Leon Monet, brother of Claude
From March 15 to July 16, the Musée du Luxembourg in Paris is presenting an unprecedented exhibition dedicated to Léon Monet (1836-1917), the painter's somewhat forgotten brother. Both a color chemist, an industrialist and a collector, Léon Monet played a decisive role in the career of the artist. In 1872, when Claude Monet, back in Le Havre, painted Impression, rising sun, Léon founded the Industrial Society of Rouen and employed Jean, Claude's eldest son, as a chemist. He will bring all his life an active support to his brother and his impressionist friends.

With a "cordial and frank" character and a "lively and prompt" intelligence, Léon Monet brought together a collection of paintings, drawings and Japanese prints, which included the names of Claude Monet, Camille Pissarro, Auguste Renoir, Alfred Sisley, Blanche Hoschédé-Monet, Berthe Morisot, among the most illustrious, and which will become one of the most remarkable modern art ensembles in the Rouen region.

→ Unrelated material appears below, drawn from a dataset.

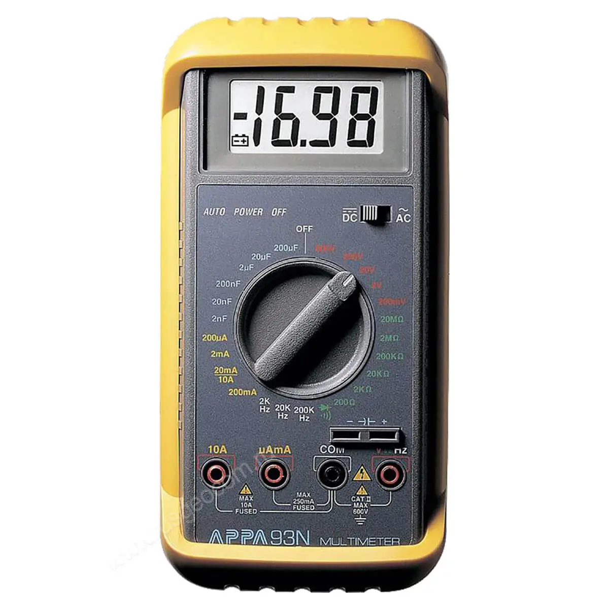 Устройство имеет автономное питание и работает от батареи 9В типа "Крона", рассчитанной на 300 часов. APPA 93N имеет ударопрочный корпус с влагозащитным слоем. Компания — производитель поставляет мультиметр вместе с 2-мя измерительными щупами, батареей, специальным кожухом с креплениями, зажимом "крокодил".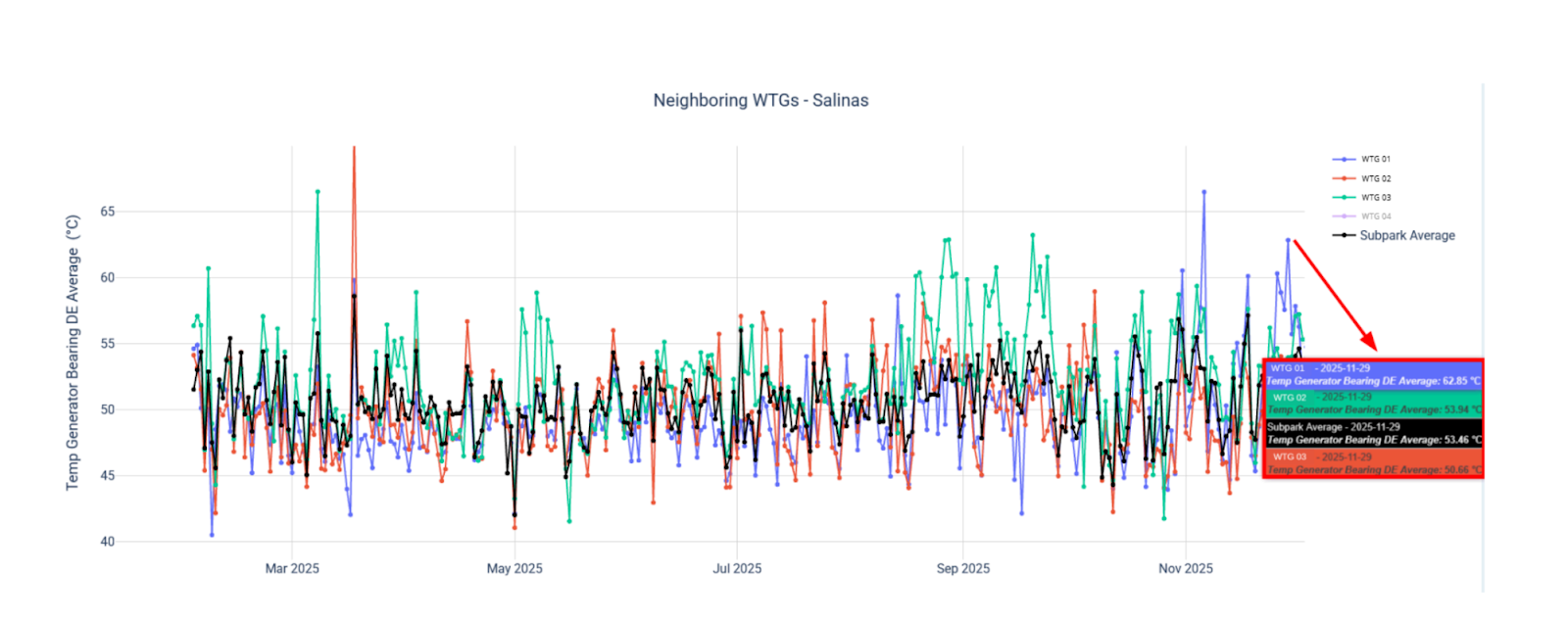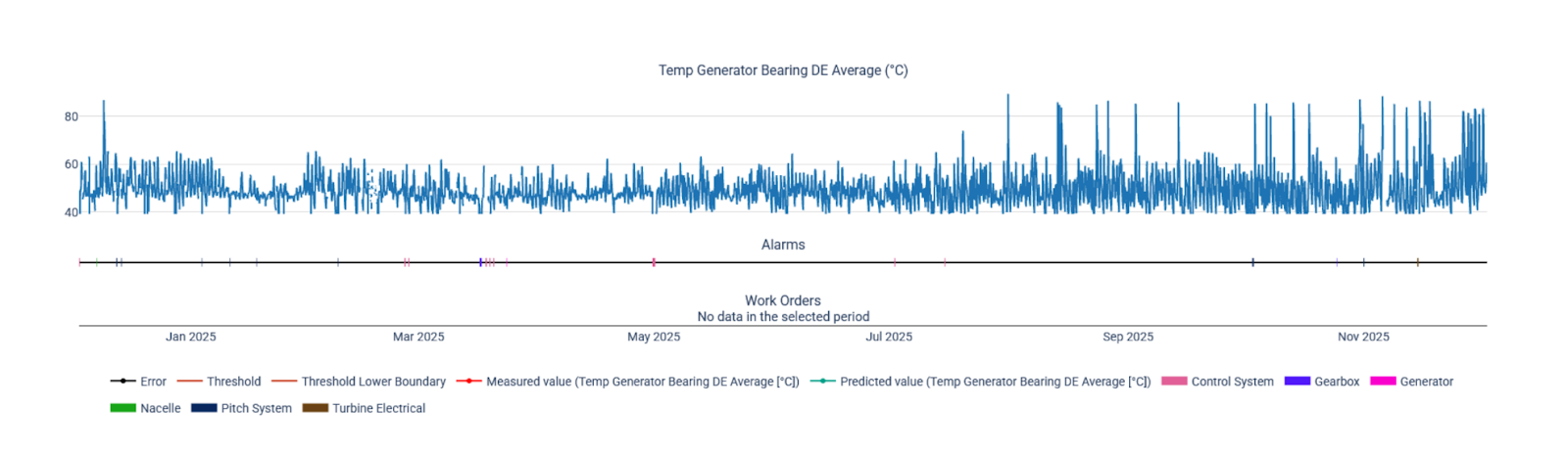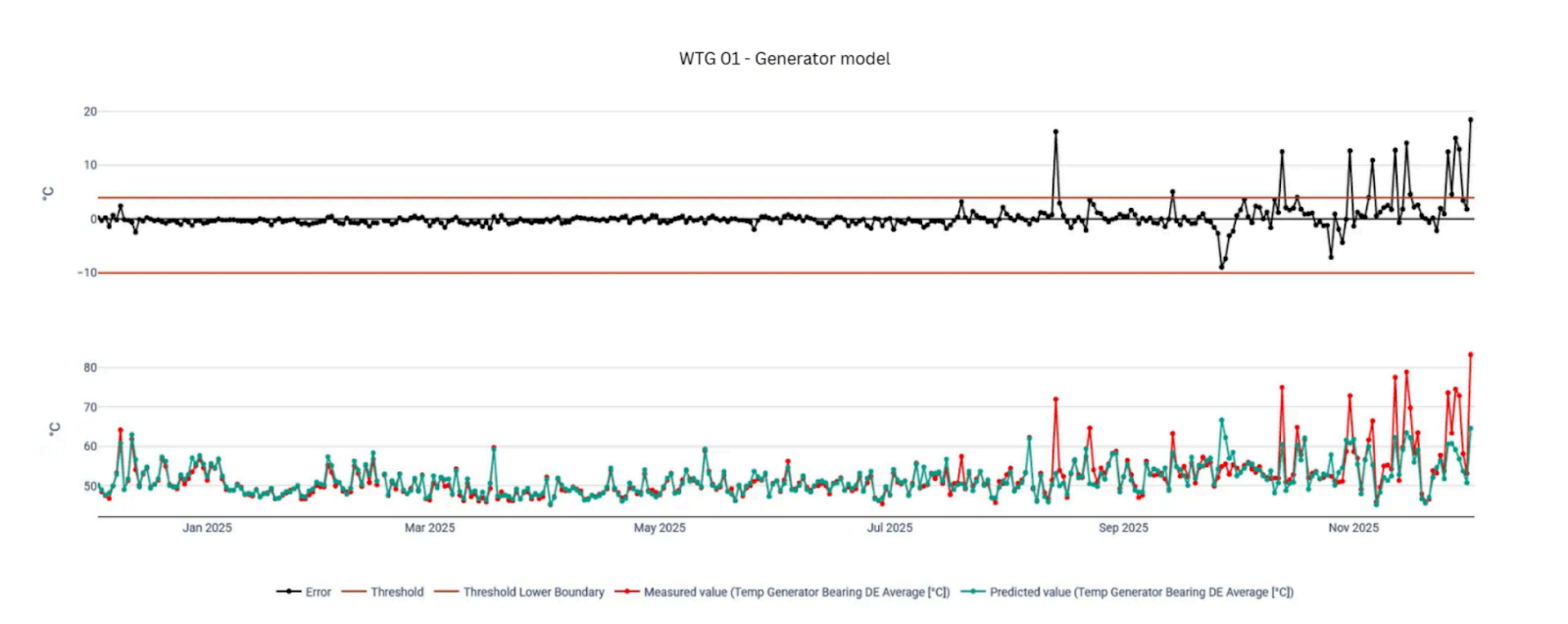 The Suzlon turbine, located in the subparque of one of our clients, began to show subtle temperature deviations in the generator coupling bearing, starting on August 13, 2025.

The exhibition catalog brings together an abundant and unpublished iconography, showing all the works from Léon Monet's collection, including a large selection of pages from Claude Monet's first sketchbook dated 1856. It also brings together photographs hitherto kept in family albums, alongside rare archival documents and color charts of colored fabrics with synthetic sparkles, testimonies of Léon's industrial activity.

19, rue de Vaugirard
75006 Paris
In his art history lectures, Fabrice Roy combines the past with the present, in a poetic and playful evocation of the French 19th century...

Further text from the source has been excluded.